I recently came across the following:
$\frac{1}{2!}+\frac{2}{3!}+\frac{3}{4!}+\frac{4}{5!}+…=1$
The factorials in the denominators reminded me of a Taylor Series. In particular, I found that it fit the Maclaurin series, evaluated at 1:
$f(x)=f(0)+f'(0)x+\frac{f''(0)}{2!}x^2+\frac{f^{(3)}(0)}{3!}x^3+\frac{f^{(4)}(0)}{4!}x^4+…$
But that it would only do so, given the following:
- $f(1)=1$
- $f(0)=0$
- $f'(0)=0$
- $f''(0)=1$
- $f^{(3)}(0)=2$
- $f^{(4)}(0)=3$
etc…
Is there a method for finding out what function, if one even exists, would yield this Maclaurin series? It would have to be a function for which each subsequent differentiation (evaluated at 0) results in only an incremental factor. I am having trouble imagining how that would be possible, but am curious to see if there's a way to find out.
Best Answer
One method that can be used for this kind of problem is to use the information in the Taylor series to generate a differential equation. Thanks to Zwim in this answer for introducing me to this method.
Finding the Maclaurin series
From the generic Maclaurin series formula, we have $$f(x)=\sum^\infty_{n=0} \frac{f^{(n)}(0)}{n!}x^n.$$
Next, we need to find an expression for those derivative terms.

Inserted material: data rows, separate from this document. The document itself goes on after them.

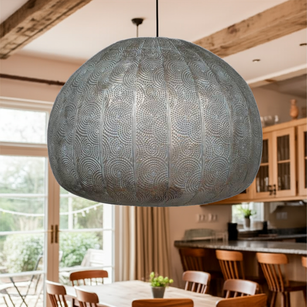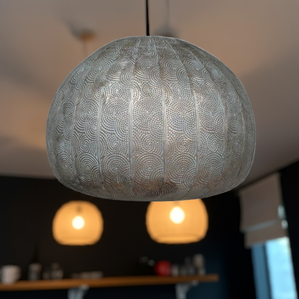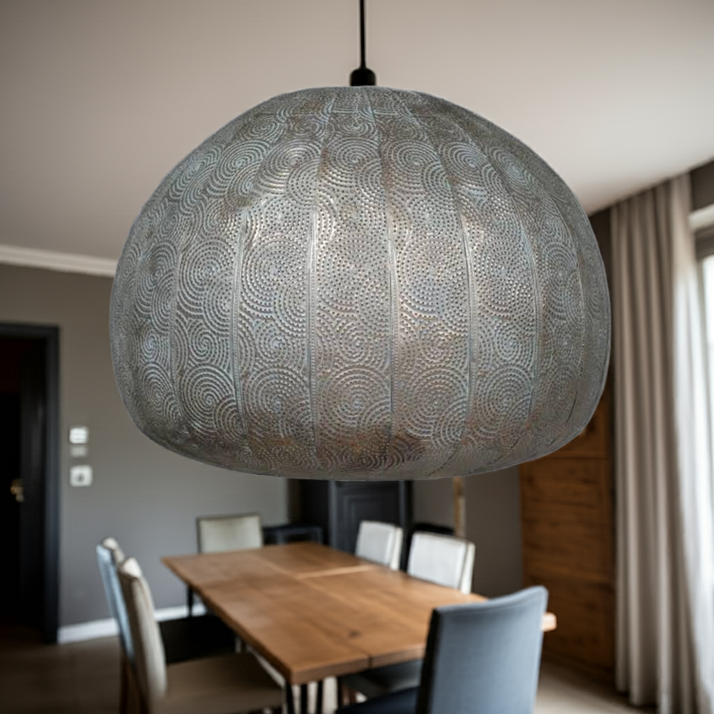 This elegant Ball Shape Metal Pendant Light Shade is an eye-catching addition to any room. Crafted out of a noble and graceful metallic silver design, its spherical lampshade features decorative punching's that reflect the light beautifully. Add a touch of luxury and elegance to your home.
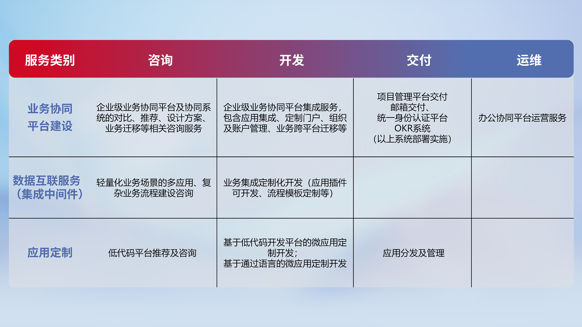 针对钉钉、、、企微、、IDaas等平台级产品提供产品的规划、、方案、、、交付、、、、定制化开发等服务,,,实现如统一协同办公、、智能客户服务、、、、混合会议管理、、、智能数据查询、、等业务场景,,,实现数字化转型。。
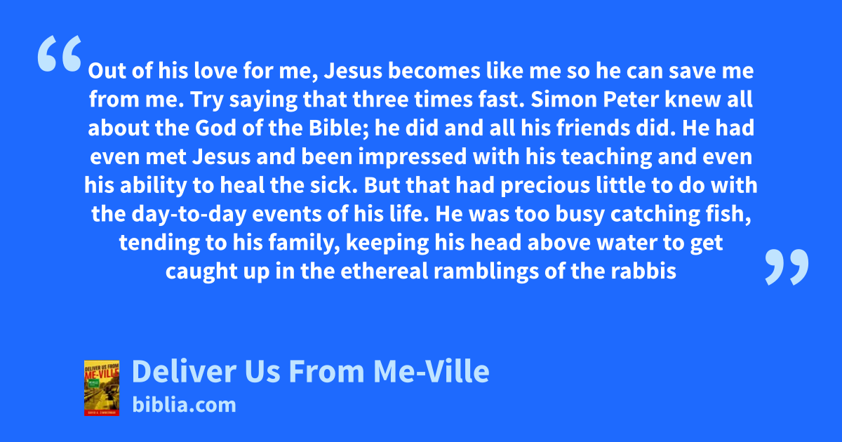 Out of his love for me, Jesus becomes like me so he can save me from me. Try saying that three times fast. Simon Peter knew all about the God of the Bible; he did and all his friends did. He had even met Jesus and been impressed with his teaching and even his ability to heal the sick. But that had precious little to do with the day-to-day events of his life. He was too busy catching fish, tending to his family, keeping his head above water to get caught up in the ethereal ramblings of the rabbis
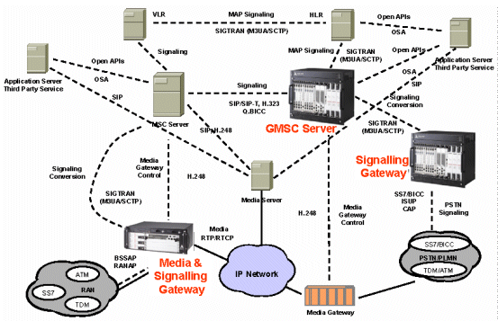在這個例子中媒體和信令網關(Media & Signalling Gateway)、移動交換中心網關服務器(GMSC Server)、拜訪位置寄存器(VLR)、歸宿位置寄存器(HLR)都集成了信令網關的功能,它們分別起到無線接入網的信令網關和漫游信令網關的作用。獨立設置的信令網關(Signalling
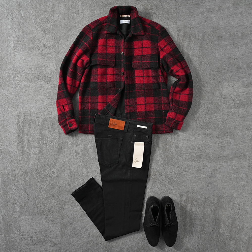 バッファローチェックのシャツアウターのインナーにはブラックが適任。
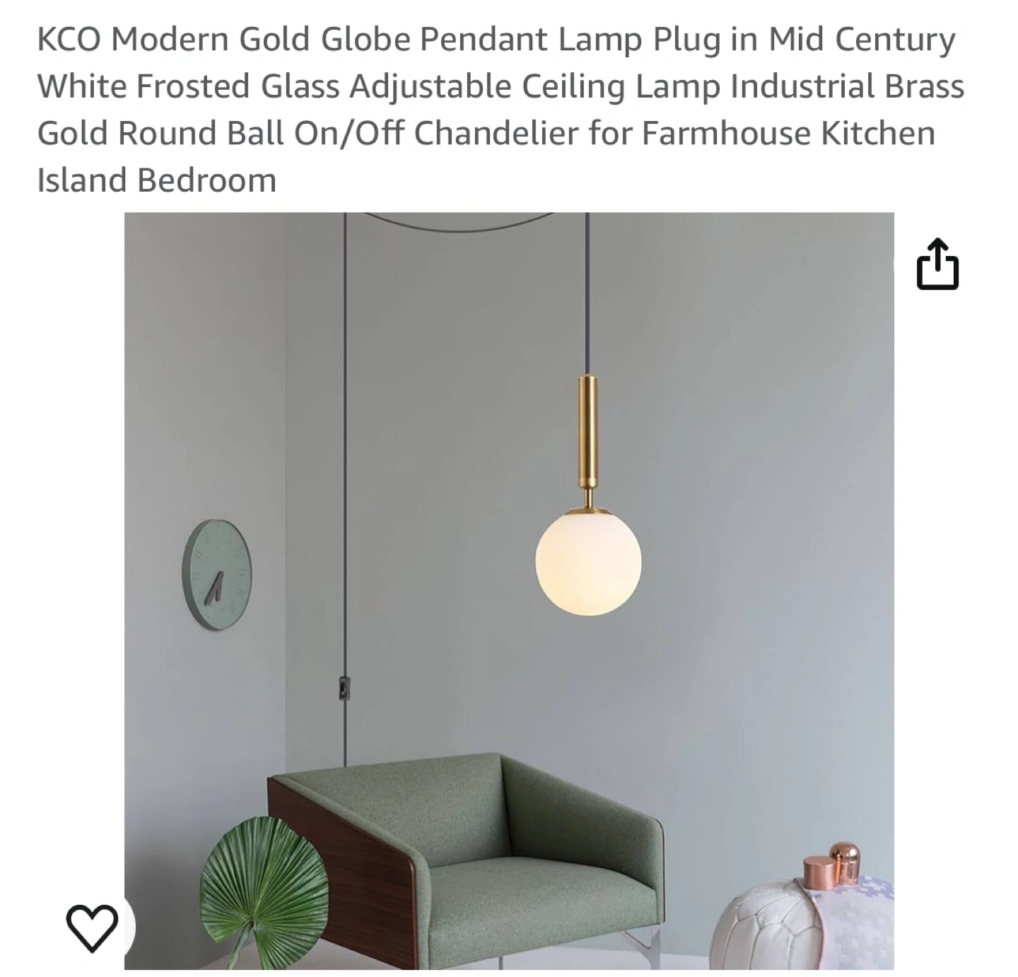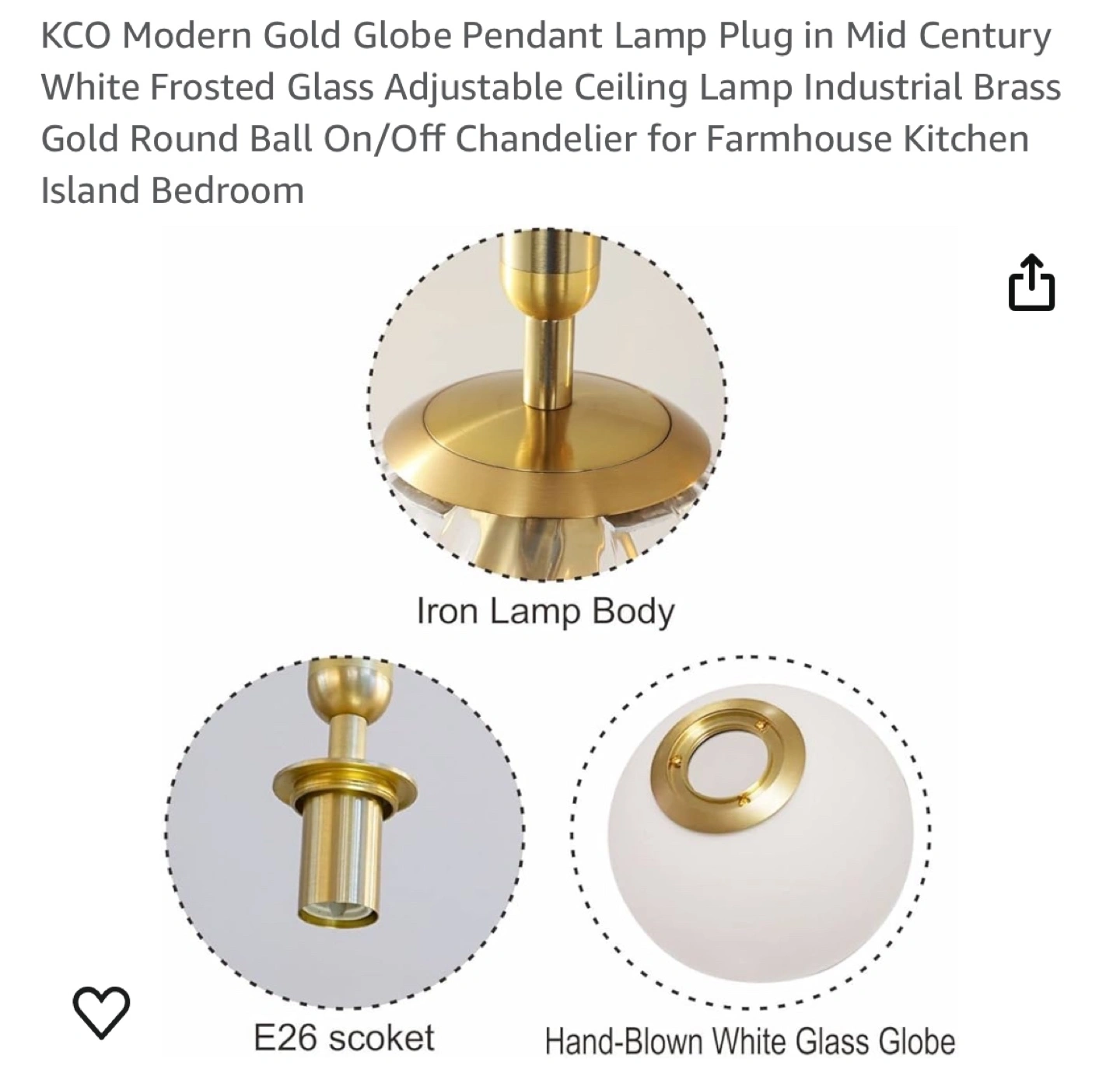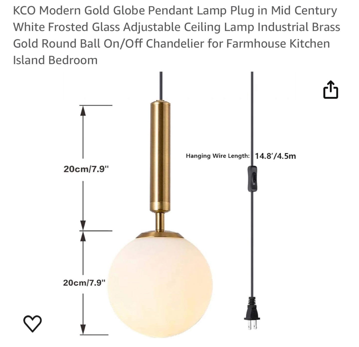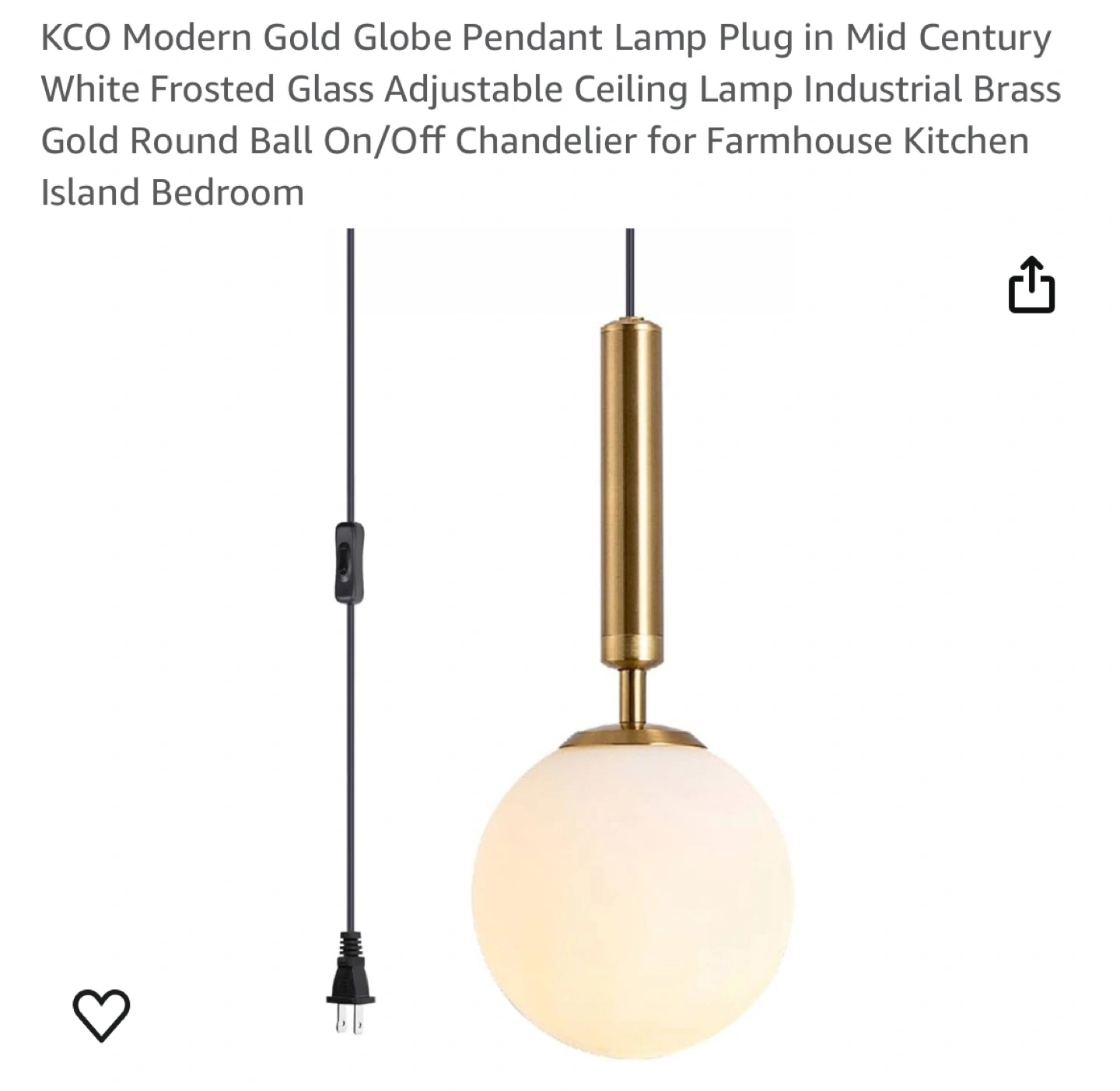 Frosted glass globe pendant lamp. Gold finish. Adjustable length cord with on/off switch.

$$ \begin{align} f(0)&=0 \\ f'(0)&=0\\ f''(0)&=1\\ f'''(0)&=2\\ f^{(4)}(0)&=3\\ ...\\ f^{(n)}(0)&=n-1\end{align}$$
Our full formula for $f(x)$, after plugging in the derivatives (note that our sum starts at $n=1$ because the constant term is zero): $$f(x)=\sum_{n=1}^\infty \frac{n-1}{n!}x^n$$
Finding the differential equation:
Begin by taking the derivative of $f$:
$$ f'(x)=\sum_{n=2}^\infty \frac{n-1}{(n-1)!}x^{n-1} $$
Reindexing:
$$ \begin{align} f'(x)&=\sum_{n=1}^\infty \frac{n}{n!}x^{n} \end {align} $$
Now, expressing $f$ in terms of $f'$:
$$ \begin{align} f(x) & =\sum_{n=1}^\infty \frac{n-1}{n!}x^n \\ &=\left(\sum_{n=1}^\infty \frac{n}{n!}x^n\right)-\left(\sum_{n=1}^\infty \frac{1}{n!}x^n\right) \\ &=f'(x)-e^x+1 \end{align} $$
(Note that the $e^x-1$ in the expression comes from starting the sum at $n=1$ instead of $n=0$ -- the constant term of the exponential Taylor series is missing.) We now have a first-order linear inhomogenous differential equation for $f$.
$$ f-\frac{df}{dx}=-e^x+1 $$
Solving and verifying:
This can be solved by a computer algebra program, by guessing and checking, or by the method of undetermined coefficients (which I was going to use explicitly in this answer, but I don't remember it well enough to explain it).
The answer we get is
$$f(x)=ce^x+xe^x+1.$$
Solving for our initial condition $f(0)=0$:
$$ \begin{align} 0 &= f(0)\\ 0 &= ce^0+0*e^0+1\\ 0 &= c + 1\\ c &= -1 \end{align} $$
Giving us a complete answer of
$$f(x)=-e^x + xe^x + 1.$$
Finally, repeated differentiation gives us the following sequence, verifying that this is indeed a solution to the original question and clarifying exactly why differentiation increments the function value by one.
$$\begin{alignat*}{2} f(x) &= -e^x+ xe^x+1, &f(0) = 0 \\ f'(x) &= xe^x, &f'(0) =0\\ f''(x) &= e^x + xe^x, &f''(0) =1\\ f'''(x) &= 2e^x + xe^x, &f'''(0) =2\\ f''''(x) &= 3e^x + xe^x, &f'''(0) =3\\ ... &... \end{alignat*}$$